Material provided START

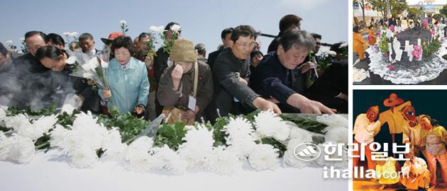 60년동안 울다 지쳐 메말라 버린 섬을 건강한 기운을 품은 곳으로 되살려내는 해원의 예술굿판이다. 옛 정뜨르비행장 인근을 찾는다. 예비검속과 군사재판의 부당함을 안고 숨을 거둔 원혼을 위로하고 진상규명을 위한 발굴 사업의 지속성을 확인하는 자리다. 제주칠머리당영등굿보존회의 차사영맞이를 비롯해 춤패 너울, 사물놀이 마로, 탐라사진가협회, 제주작가회의 등이 공연과 전시를 준비했다.
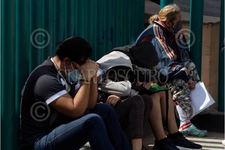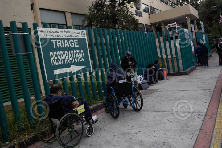 Personas esperan al exterior del del Hospital Centro Médico Nacional Siglo XXI para poder ser evaluados por sus síntomas respiratorios.
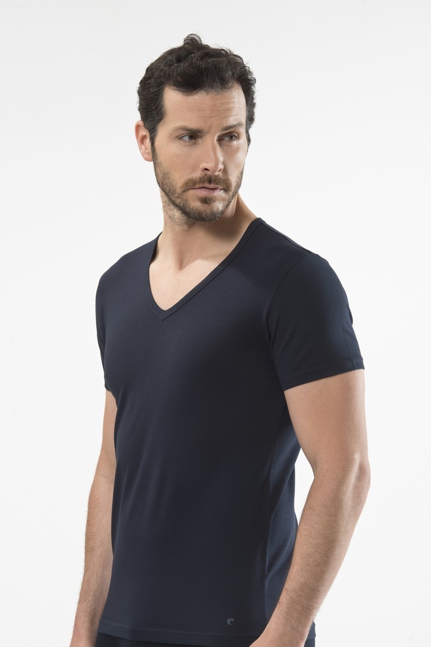 Lacivert renkte, V yaka ve kısa kollu kesimiyle, hafif pamuklu bir atlet.

Material provided END

● What the task asks
Before writing out the material above, please remove its pictures; everything else stays exact.

● The completed task
 60년동안 울다 지쳐 메말라 버린 섬을 건강한 기운을 품은 곳으로 되살려내는 해원의 예술굿판이다. 옛 정뜨르비행장 인근을 찾는다. 예비검속과 군사재판의 부당함을 안고 숨을 거둔 원혼을 위로하고 진상규명을 위한 발굴 사업의 지속성을 확인하는 자리다. 제주칠머리당영등굿보존회의 차사영맞이를 비롯해 춤패 너울, 사물놀이 마로, 탐라사진가협회, 제주작가회의 등이 공연과 전시를 준비했다.
 Personas esperan al exterior del del Hospital Centro Médico Nacional Siglo XXI para poder ser evaluados por sus síntomas respiratorios.
 Lacivert renkte, V yaka ve kısa kollu kesimiyle, hafif pamuklu bir atlet.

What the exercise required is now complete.